Output all entries verbatim, dropping pictures.

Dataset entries
━━━━━━

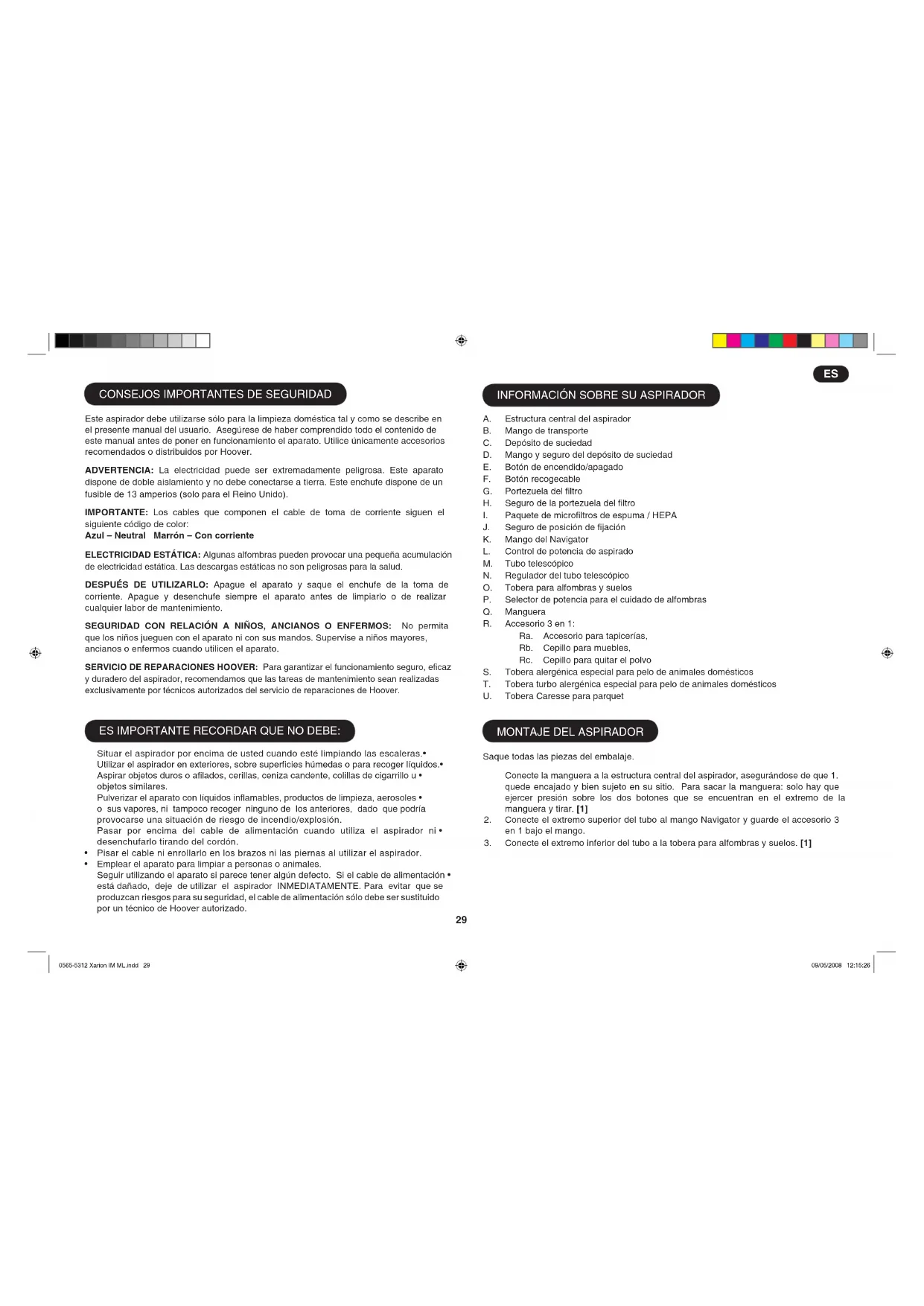 Xarion TAV 1620 - Aspiradora HOOVER - Manual de uso y guía de instrucciones gratis
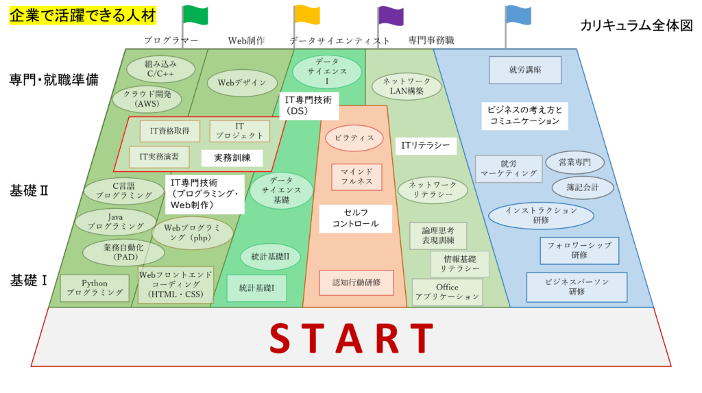 カリキュラムには、リテラシー教育、officeアプリケーション、専門としてプログラミング言語、Webデザイン、データサイエンスがあり、初歩的なものから難度の高いものまで取り揃えています。
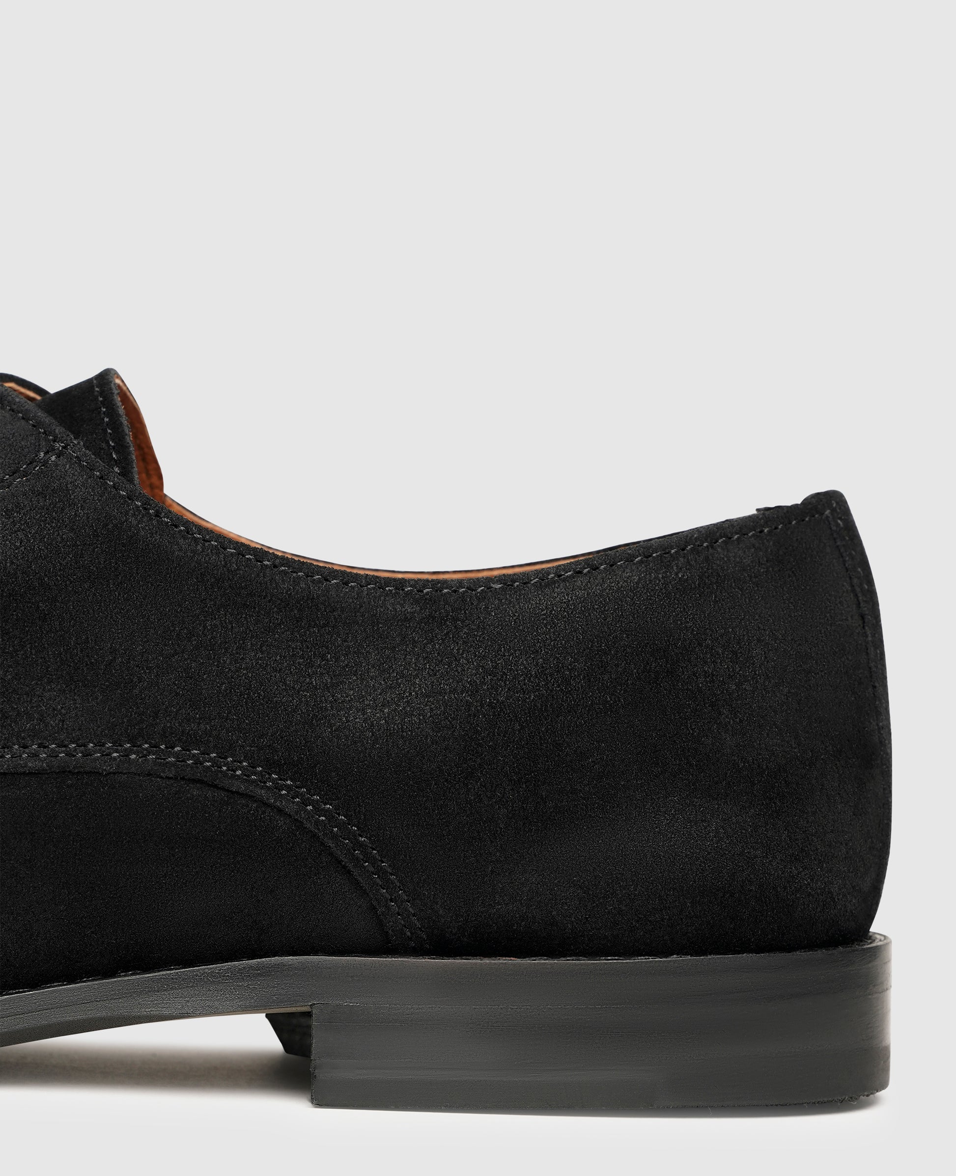 A symbiosis of lightweight comfort and classic elegance is presented by this plain derby by Henry Stevens. Inside the shoe, which is made in Portugal, a vegetable-tanned and breathable leather lining and a comfortable footbed with memory foam ensure an all-round comfortable walking experience. With its smooth and soft calfskin and 5-hole lacing, this black shoe for men is particularly comfortable to wear. The perfect combination of rubber and leather allows the outsole not only a lot of flexibility, but also a very low weight. Its dynamic grace transforms this popular lace-up shoe into a versatile companion for confident business looks and upscale casual wardrobes.
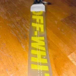 Bold Off-White keychain featuring vibrant yellow text. Ideal for adding a pop of color.
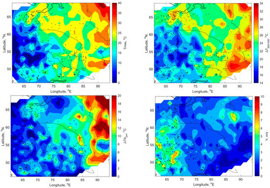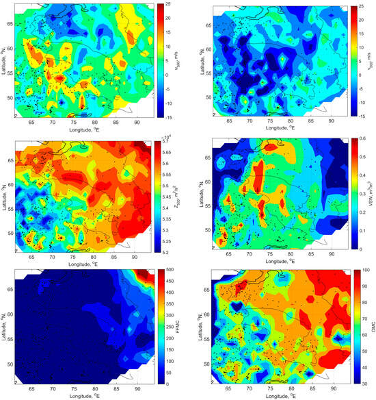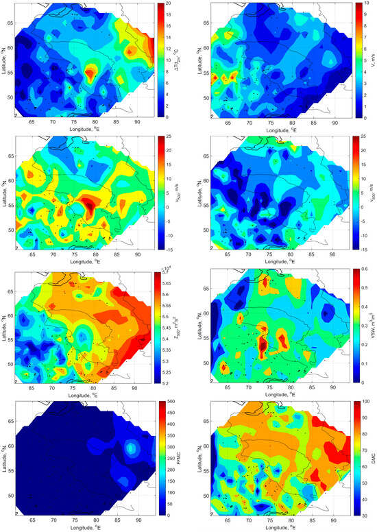 In spite of the fact that the spatial distributions of meteorological parameters and fuel moisture characteristics preceding ignitions from dry lightning and from lightning with precipitation are similar, in general, they have some specific features for each group (Figure 8 and Figure 9). The common feature is in the meridional type of spatial distributions for Tmax, ∆T850−500, ∆Td2m, Z500, FFMC, and DMC: areas with maximum values are predominantly situated in the eastern part of WS (mountain regions in the northeast and southeast), and areas with minimum values are situated in the western part (where zones of mixed forests and peatlands are situated). It also coincides with the spatial distribution of fires from dry lightning (Figure 8). However, in the north, we observe that the situation is somehow different: most of revealed cases near the gulf of the Ob River are situated in the areas of Tmax, ∆T850-500, ∆Td2m, and DMC maximum. An opposite situation is observed for wind speed at the surface; it is higher in the western part than in the eastern one. And in the northern part, near the gulf of the Ob River, LIWs occur under the influence of eastern transfer. As for VSW, areas with maximum values are predominantly located in the center parts of SWS, CWS, and NWS, which correspond to peatland and permafrost zones.
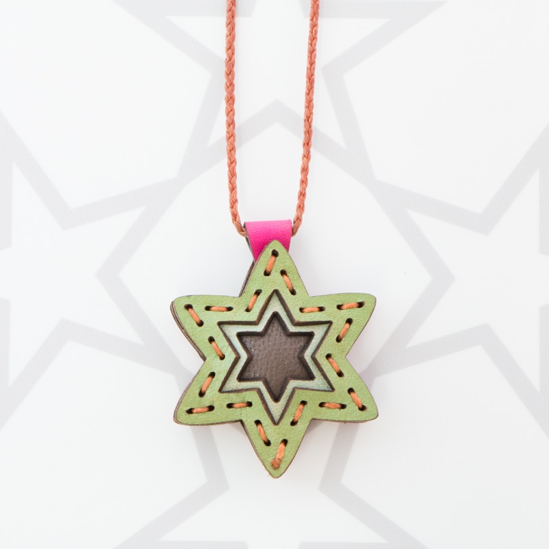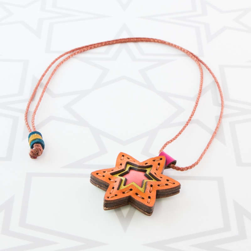 六芒星をデザインしたネックレスです。三枚の革を重ねた存在感のある仕上がりは、ファッションのアクセントに最適です。表裏それぞれ異なったカラーリングなので、リバーシブルでお楽しみ頂けます。紐部分のレザービーズで紐をお好みの長さに調整出来る仕様となっております。
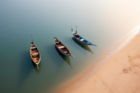 Generative AI : Aerial view of few boats on sunrise in Phuket Thailand
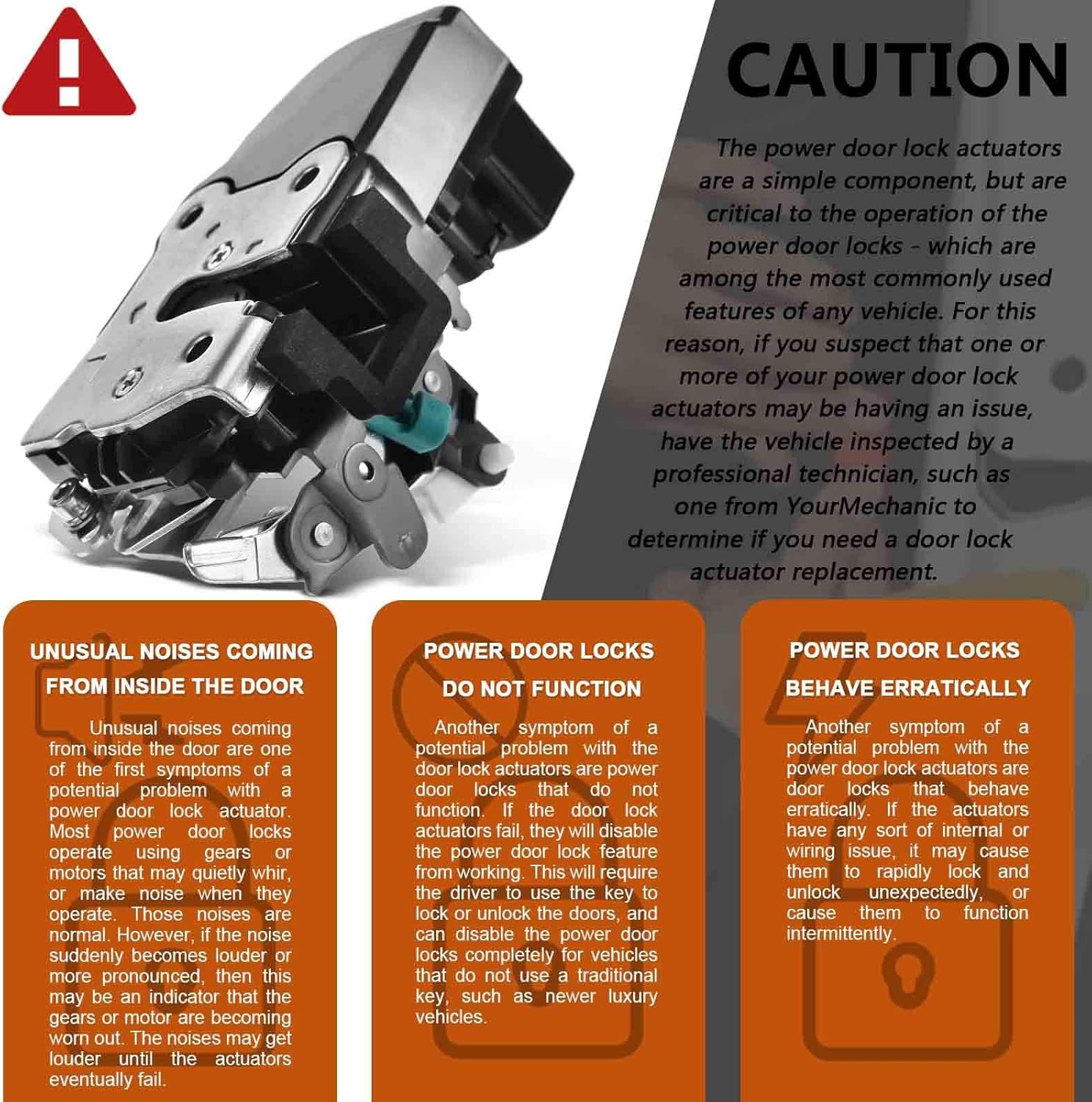 Efficient Locking: This front driver side door latch assembly help you solve the following problems ① Noise from inside the door ② Interior lights in your car that don’t shut off like they’re supposed to ③ The door lock does not unlock or lock
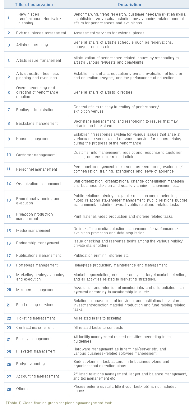 In the view of ''Arts Management'' as an occupation, there is a need to examine if Arts Management -the Arts Management here will be limited to the workforce working in planning services- is included in the Korean Standard Classification of Occupations(KSCO), and the fact is that the jobs that are responsible for Planning Management isn''t yet identified as independent occupations according to KSCO. This fact may reflect the decision that this kind of jobs are unique and isn''t universal enough to be considered as a candidate for independent occupation according to KSCO.
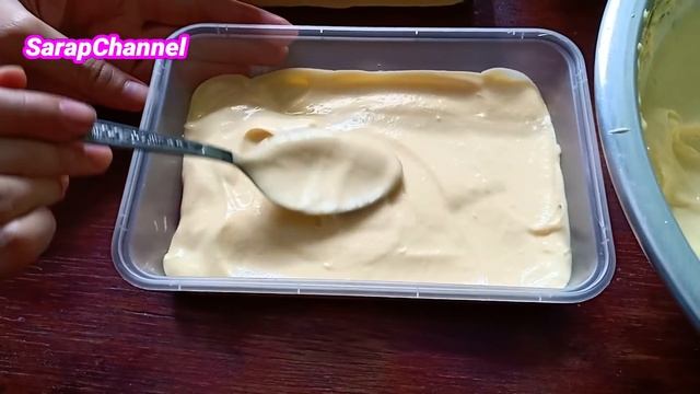 Mango Float Ice Cream Ingredients 3 pcs Medium Size Ripe Mangoes, slice 2 pack(250ml) All-prupose cream, chilled overnight 1 Big Can (300ml) Condensed Milk 1 (25g) sachet Mango Powdered Juice 250g Graham Honey Crackers 10 single pack (Contains 30 pcs) Procedure 1. MANGO ICE CREAM. In bowl beat chilled all-purpose cream using hand mixer over high speed until it double in volume. Pour condensed milk (you can add less or more depends on how sweet you want it). Beat again until condensed milk is well blended into the cream. Add 1 sachet of Mango Powdered Juice, beat again over high speed until well blended. 2. In a deep container arrange graham crackers. Then spread mango ice cream mixture on top of graham crackers. Put slices of mangoes on top of mango ice cream. Repeat process until you reach the top of the container. For the final topping arrange slices of mangoes. Freeze for 4 to 5 hours in the ref until firm or chill overnight. Yields: 4 containers of Mango Float Ice Cream Mango Float Ice Cream Prices of Ingredients 3 pcs Medium Size Ripe Mango _________________________P55.00 2 pack(250ml) All-Purpose Cream _______________________P118.00 1 Big Can (300ml) Condensed Milk ______________________P 31.00 25g Sachet Mango Powdered Juice _____________________P 18.00 250g Graham Honey Crackers __________________________P 52.75 10 single Pack Please subscribe to my channel channelhttps://www.youtube.com/user/SarapChannel/featured Don't forget to like and share! Previous cooking video: "Puto Cheese" https://youtu.be/dBEnJXg6yzQ Follow us on social media: Instagram: schannel21 Pinterest: https://www.pinterest.com/sarapchannel/ Twitter: https://twitter.com/sarapchannel THIS VIDEO IS NOT SPONSORED Editing software: Movie Maker Filmora 8.3.1 Patok Na Negosyo Recipes | Street Food https://www.youtube.com/playlist?list=PLM4cZ81yLmVKfafuZZE_JsEBZRcBR4FNr Desserts And Sweet Recipes https://www.youtube.com/playlist?list=PLM4cZ81yLmVIr0r8unkjgnlDQXrBIWTxC No Bake Desserts | Ice Box Cake Recipes https://www.youtube.com/playlist?list=PLM4cZ81yLmVJrg-IZyEZa0huQ2cXgsOcE Ice Candy Recipe https://www.youtube.com/playlist?list=PLM4cZ81yLmVKRmWfImsYFftDcDX_cUBXX Samalamig | Summer Drinks https://www.youtube.com/playlist?list=PLM4cZ81yLmVJtIQbw2I9XdJdEzvXvkIWY Toaster Oven Series https://www.youtube.com/playlist?list=PLM4cZ81yLmVJ2Vjh7LdVdM8-dQV1NHcYd Cooking Tutorial https://www.youtube.com/playlist?list=PLM4cZ81yLmVKPXfFL1ahNe84hcLRa7XRY Bento Series https://www.youtube.com/playlist?list=PLM4cZ81yLmVJWDm5l4XN0ID9ezm3hF8b2 Filipino Street Food https://www.youtube.com/playlist?list=PLM4cZ81yLmVLxVPn1ri1MbuaIaTRj5U96

━━━━━━

■ **Answer box**:
 Xarion TAV 1620 - Aspiradora HOOVER - Manual de uso y guía de instrucciones gratis
 カリキュラムには、リテラシー教育、officeアプリケーション、専門としてプログラミング言語、Webデザイン、データサイエンスがあり、初歩的なものから難度の高いものまで取り揃えています。
 A symbiosis of lightweight comfort and classic elegance is presented by this plain derby by Henry Stevens. Inside the shoe, which is made in Portugal, a vegetable-tanned and breathable leather lining and a comfortable footbed with memory foam ensure an all-round comfortable walking experience. With its smooth and soft calfskin and 5-hole lacing, this black shoe for men is particularly comfortable to wear. The perfect combination of rubber and leather allows the outsole not only a lot of flexibility, but also a very low weight. Its dynamic grace transforms this popular lace-up shoe into a versatile companion for confident business looks and upscale casual wardrobes.
 Bold Off-White keychain featuring vibrant yellow text. Ideal for adding a pop of color.
 In spite of the fact that the spatial distributions of meteorological parameters and fuel moisture characteristics preceding ignitions from dry lightning and from lightning with precipitation are similar, in general, they have some specific features for each group (Figure 8 and Figure 9). The common feature is in the meridional type of spatial distributions for Tmax, ∆T850−500, ∆Td2m, Z500, FFMC, and DMC: areas with maximum values are predominantly situated in the eastern part of WS (mountain regions in the northeast and southeast), and areas with minimum values are situated in the western part (where zones of mixed forests and peatlands are situated). It also coincides with the spatial distribution of fires from dry lightning (Figure 8). However, in the north, we observe that the situation is somehow different: most of revealed cases near the gulf of the Ob River are situated in the areas of Tmax, ∆T850-500, ∆Td2m, and DMC maximum. An opposite situation is observed for wind speed at the surface; it is higher in the western part than in the eastern one. And in the northern part, near the gulf of the Ob River, LIWs occur under the influence of eastern transfer. As for VSW, areas with maximum values are predominantly located in the center parts of SWS, CWS, and NWS, which correspond to peatland and permafrost zones.
 六芒星をデザインしたネックレスです。三枚の革を重ねた存在感のある仕上がりは、ファッションのアクセントに最適です。表裏それぞれ異なったカラーリングなので、リバーシブルでお楽しみ頂けます。紐部分のレザービーズで紐をお好みの長さに調整出来る仕様となっております。
 Generative AI : Aerial view of few boats on sunrise in Phuket Thailand
 Efficient Locking: This front driver side door latch assembly help you solve the following problems ① Noise from inside the door ② Interior lights in your car that don’t shut off like they’re supposed to ③ The door lock does not unlock or lock
 In the view of ''Arts Management'' as an occupation, there is a need to examine if Arts Management -the Arts Management here will be limited to the workforce working in planning services- is included in the Korean Standard Classification of Occupations(KSCO), and the fact is that the jobs that are responsible for Planning Management isn''t yet identified as independent occupations according to KSCO. This fact may reflect the decision that this kind of jobs are unique and isn''t universal enough to be considered as a candidate for independent occupation according to KSCO.
 Mango Float Ice Cream Ingredients 3 pcs Medium Size Ripe Mangoes, slice 2 pack(250ml) All-prupose cream, chilled overnight 1 Big Can (300ml) Condensed Milk 1 (25g) sachet Mango Powdered Juice 250g Graham Honey Crackers 10 single pack (Contains 30 pcs) Procedure 1. MANGO ICE CREAM. In bowl beat chilled all-purpose cream using hand mixer over high speed until it double in volume. Pour condensed milk (you can add less or more depends on how sweet you want it). Beat again until condensed milk is well blended into the cream. Add 1 sachet of Mango Powdered Juice, beat again over high speed until well blended. 2. In a deep container arrange graham crackers. Then spread mango ice cream mixture on top of graham crackers. Put slices of mangoes on top of mango ice cream. Repeat process until you reach the top of the container. For the final topping arrange slices of mangoes. Freeze for 4 to 5 hours in the ref until firm or chill overnight. Yields: 4 containers of Mango Float Ice Cream Mango Float Ice Cream Prices of Ingredients 3 pcs Medium Size Ripe Mango _________________________P55.00 2 pack(250ml) All-Purpose Cream _______________________P118.00 1 Big Can (300ml) Condensed Milk ______________________P 31.00 25g Sachet Mango Powdered Juice _____________________P 18.00 250g Graham Honey Crackers __________________________P 52.75 10 single Pack Please subscribe to my channel channelhttps://www.youtube.com/user/SarapChannel/featured Don't forget to like and share! Previous cooking video: "Puto Cheese" https://youtu.be/dBEnJXg6yzQ Follow us on social media: Instagram: schannel21 Pinterest: https://www.pinterest.com/sarapchannel/ Twitter: https://twitter.com/sarapchannel THIS VIDEO IS NOT SPONSORED Editing software: Movie Maker Filmora 8.3.1 Patok Na Negosyo Recipes | Street Food https://www.youtube.com/playlist?list=PLM4cZ81yLmVKfafuZZE_JsEBZRcBR4FNr Desserts And Sweet Recipes https://www.youtube.com/playlist?list=PLM4cZ81yLmVIr0r8unkjgnlDQXrBIWTxC No Bake Desserts | Ice Box Cake Recipes https://www.youtube.com/playlist?list=PLM4cZ81yLmVJrg-IZyEZa0huQ2cXgsOcE Ice Candy Recipe https://www.youtube.com/playlist?list=PLM4cZ81yLmVKRmWfImsYFftDcDX_cUBXX Samalamig | Summer Drinks https://www.youtube.com/playlist?list=PLM4cZ81yLmVJtIQbw2I9XdJdEzvXvkIWY Toaster Oven Series https://www.youtube.com/playlist?list=PLM4cZ81yLmVJ2Vjh7LdVdM8-dQV1NHcYd Cooking Tutorial https://www.youtube.com/playlist?list=PLM4cZ81yLmVKPXfFL1ahNe84hcLRa7XRY Bento Series https://www.youtube.com/playlist?list=PLM4cZ81yLmVJWDm5l4XN0ID9ezm3hF8b2 Filipino Street Food https://www.youtube.com/playlist?list=PLM4cZ81yLmVLxVPn1ri1MbuaIaTRj5U96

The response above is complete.